Впрочем, парижская весна шестьдесят восьмого не прошла даром – он знакомится с человеком, чей буйный нрав гениальным образом проявляется равно в философии, психиатрии, психоанализе, литературе и, одновременно в самом отъявленном и, в то же время – масштабном хулиганстве, подрывающем основы представлений о законе, власти, и государственных структурах. Анархиствующего философа – сорвиголову зовут Феликс Гваттари. В ту пору он как раз начинает совместные работы с совершенно противоположным по нраву гением философии – Жилем Делёзом, человеком умственным и достаточно хладнокровным. Первые годы после знакомства с Феликсом, Хейтин избегает общества Делёза, но вмести с Гваттари совершает несколько достойных отдельного плутовского романа авантюр, нашедших резонанс в среде множества европейских интеллектуалов и представителей искусства. В частности, они нелегально проникли на территорию Палестины с целью организации израильско-палестинских переговоров, запустили акции поддержки революционных процессов в Алжире, Вьетнаме, странах Латинской Америки и, если говорить о результатах их совместных трикстерских проделок, то невозможно отрицать влияние деяний этих двух апостолов революционного духа на общий процесс оттепели в Европе (и не только в ней) в семидесятых-восьмидесятых годах двадцатого века, когда значительно смягчилось давление полицейских и психиатрических репрессий, и снизился уровень бюрократизма и формализации общества.
В семьдесят третьем году выходит книга Делёза и Гваттари «Капитализм и шизофрения», взорвавшая умы десятков тысяч интеллектуалов всего мира. Напрямую Жорж никак не участвовал в обсуждениях, приведших к появлению этого ключевого для конца двадцатого века манускрипта, однако, нетрудно догадаться, что его влияние на Гваттари отразилось и на многих идеях книги – Делёз, человек кабинетный, вдруг увлекается идеалами номадизма (сноска), и мир, еще недавно представлявшийся людям стройным, целостным и завершённым, под его пером обрушивается в лабиринты так называемой ризомы, пребывающие в вечном непредсказуемом движении, ветвлении, неожиданных разрывах и столь же спонтанных пересечениях, ускользающих от любого постоянства и определённости.
Лишь в конце семидесятых Жорж общается с самим Делёзом.
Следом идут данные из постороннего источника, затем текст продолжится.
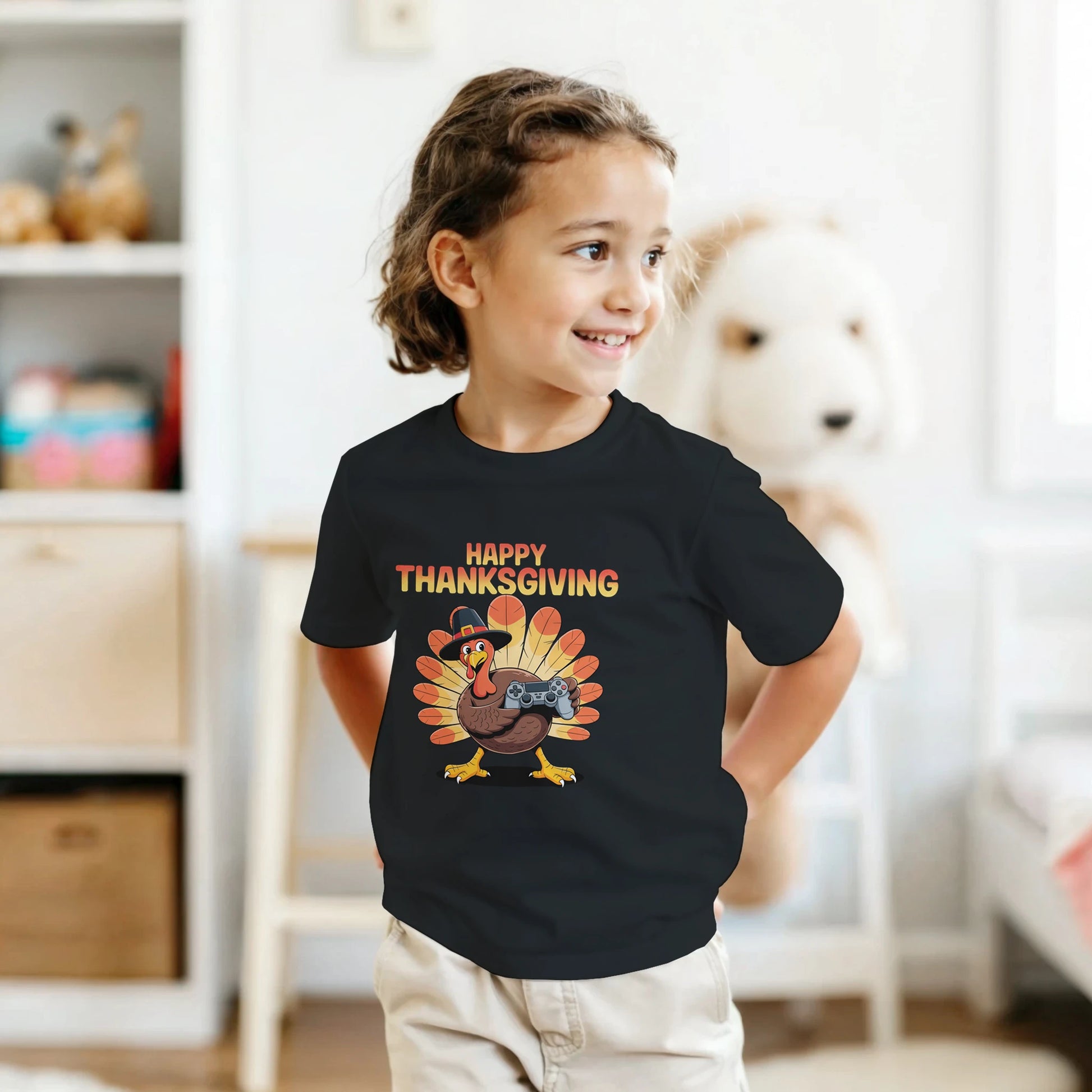 ⭐Unique Thanksgiving Design – Fun cartoon turkey gamer graphic for boys & girls.

Великий философ-постструктуралист в ту пору начинает увлекаться «важнейшим из искусств» с точки зрения описания структурирования человеческого восприятия посредством кинематографа. У Хейтина здесь свой интерес – разочаровавшись в организации социальных перфомансов, и убедившись в том, что выше относительно небольшой критической массы людей, они решительно выходят из-под контроля, он решает, что кино может справиться с задачами огромного масштаба, ежели поэтапно и дозированно вбрасывать некоторые идеи, способные освобождать мировоззрение людей от жестких догм, в шедевры мирового кино. После бесед с Делёзом, он изучает творчество многих известных и молодых режиссеров, затем, с некоторыми из них входит в достаточно плотный контакт. Бергман, Полански, Вачовски, Финчер, Кустурица – список культовых режиссеров, на которых Жорж оказал влияние – очень внушительный, а многие его идеи воплощены в таких классических фильмах, как «Матрица», «Бойцовский клуб», «Револьвер», «Венера в мехах», «Игра»…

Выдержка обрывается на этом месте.